Остановясь перед лавкою оружейного мастера, я стал рассматривать какой-то кинжал, как вдруг кто-то ударил <В «Современнике»: «ударили». – А. Д.> меня по плечу. Я оглянулся: за мною стоял ужасный нищий. Он был бледен как смерть; из красных загноенных глаз его текли слезы. Мысль о чуме опять мелькнула в моем воображении. Я оттолкнул нищего с чувством отвращения неизъяснимого, и воротился домой очень недовольный своею прогулкою [VIII: 481].
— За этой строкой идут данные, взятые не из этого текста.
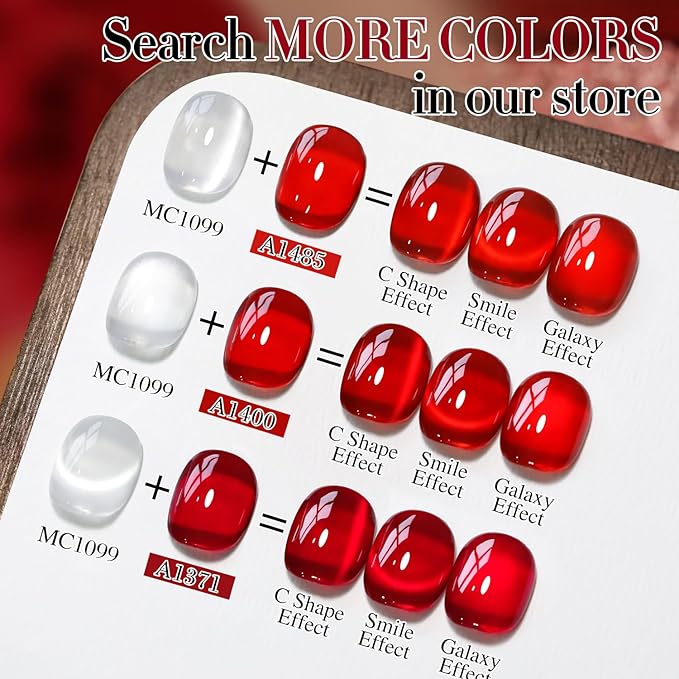 - Cat Eye Gel Nail Polish : Double Rhythm cat eye gel nail polish kit includes 1 color 15ml / 0.5 fl.oz gel nail polish. The cat eye gel can be combined with different bacse colors arbitrarily, you can get different colors nail art.You can use different base coat to creat different sytles.

«Ужасный нищий», ударяющий Пушкина по плечу329, – последнее звено в длинной цепочке напоминаний о смерти, тянущейся от «первого замечательного места» путешествия, могил «нескольких тысяч умерших чумою» [VIII: 448] через весь текст. Эту сцену, предшествующую окончательному решению Пушкина оставить армию, несмотря на предложение Паскевича «быть свидетелем дальнейших предприятий», можно понимать символически, как иносказательное résumé текста, выражающее отношение автора не столько к прогулке по Арзруму, сколько ко всему путешествию. Очевидно, в какой-то момент Пушкин понял, что война, на которую он, a la Байрон, так стремился, чтобы «круто поворотить свою жизнь», есть, по выражению Ю. М. Лотмана, «безусловное зло»330, и, устыдившись собственного ребячества, решил закончить игру с судьбой.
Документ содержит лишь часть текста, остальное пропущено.